Fernando betrat mit pulsierenden Schläfen die Zahnarztpraxis. Den behandelnden Arzt hier kannte er schon lange. Die beiden gestandenen Männer hatten einst gemeinsam die Hörsaalatmosphäre auf sich wirken lassen. Jetzt liess Fernando den klinisch-sauberen Geruch der renovierten Räume auf sich wirken. Dies verursachte bei ihm dieses gewisse Pulsieren – obwohl er, als Oberarzt in einem grossen Spital, die Atmosphäre eigentlich gewohnt war.
Er betrat das Wartezimmer und klaubte den „Spiegel“ aus dem Ständer. Zum Blättern kam er kaum – schon wurde er von der freundlichen, schlanken Assistentin in den Behandlungsraum gebeten, wo ihn sein Freund Gerd freudig begrüsste, ihm erklärte, warum ein paar Röntgenaufnahmen notwendig waren und seine Bedenken zerstreute, dass die Karies seit der letzten Untersuchung verstärkt auftreten könnte.

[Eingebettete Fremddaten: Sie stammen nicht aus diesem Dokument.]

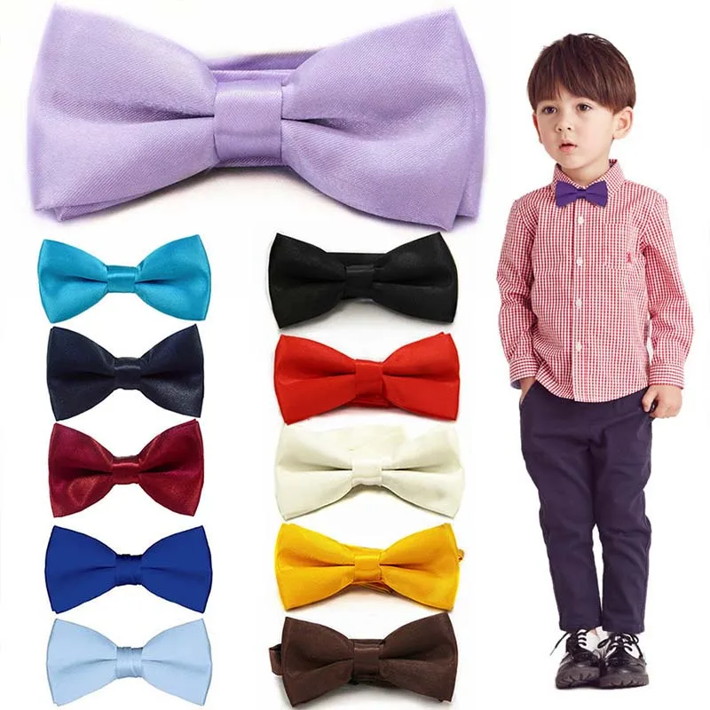 Свадебный галстук-бабочка, новинка, регулируемый нарядный атласный Детский галстук-бабочка для мальчиков, однотонный черный однотонный Официальный галстук для девочек
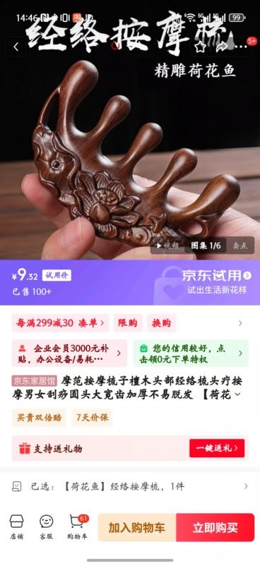 摩范按摩梳子檀木 【荷花鱼】经络按摩梳
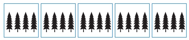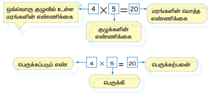 5 குழுக்களில் 4 மரங்கள் என மொத்தம் 20 மரங்கள் உள்ளன. இதனை நாம் 4 × 5 = 20 என எழுதலாம்.
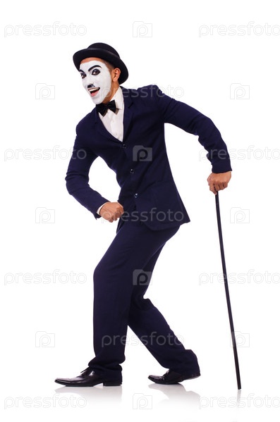Двойник Чарли Чаплина на белом фоне
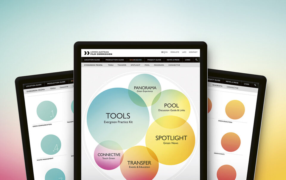 Das „Kerngeschäft“ der 2012 gegründeten LAFC ist es, national und international den Filmstandort Niederösterreich zu präsentieren, wo, wie man weiß, für Kultur- und/oder Wirtschaftsförderung einiges an Geldmitteln zur Verfügung steht. Wer sich auf der Website www.lafc.at umsieht, kann erkennen, dass in den neun Jahren seither auch auf dem klassischen Feld der Betreuung von Filmproduktionen ganze Arbeit geleistet wurde. Eine umfassende Datenbank mit Motiven, Ressourcen, Kontakten, aktiven und abgeschlossenen Projekten, dazu eine ausführliche Sammlung weiterführender Links und noch vieles mehr ist da zu finden; doch damit nicht genug: Seit Jänner 2020 (siehe auch das aus diesem Anlass erschienene „ray“-Sonderheft) steht das sogenannte „Evergreen Prisma“ auf der Website. Es wurde bei der Österreichischen Filmpreis-Gala 2020 in Grafenegg, die sich an diesem Abend „grün“ gab, präsentiert und stellt, ständig wachsend, eine der größten und umfassendsten Sammlungen alternativer Ressourcen im Filmbereich dar, die es derzeit in Europa gibt – eine einzigartige Wissensdatenbank.

Die beiden Männer verabschiedeten sich mit kräftigem Händedruck, und Fernando begab sich zur Dentalhygiene. Vera Dehli war vor längerer Zeit mit einem Inder verheiratet gewesen. So war sie zu ihrem klangvollen Namen gekommen. Vera Dehli. Ihre schneeweisse Kleidung liess ihr blondes, dichtes Haar noch intensiver strahlen – und ebenso ihr Lächeln, mit dem sie die Kunden bedachte. Fernando bekam die Wegwerf-Serviette umgebunden; Vera ging routiniert vor und ordnete flink die Reinigungsinstrumente. Dann setzte sie sich an seine rechte Seite. Sie duftete angenehm nach Körpermilch. Der erregende Duft setzte bei Fernando sofort ein Signal, das er bei sich schon lange nicht mehr wahrgenommen hatte. Er war zweifacher Familienvater, und die Anspannung im Beruf sowie seine privaten Pflichten erlaubten es ihm kaum, lustvolle Gedanken an Frauen auch nur andeutungsweise an sich herankommen zu lassen.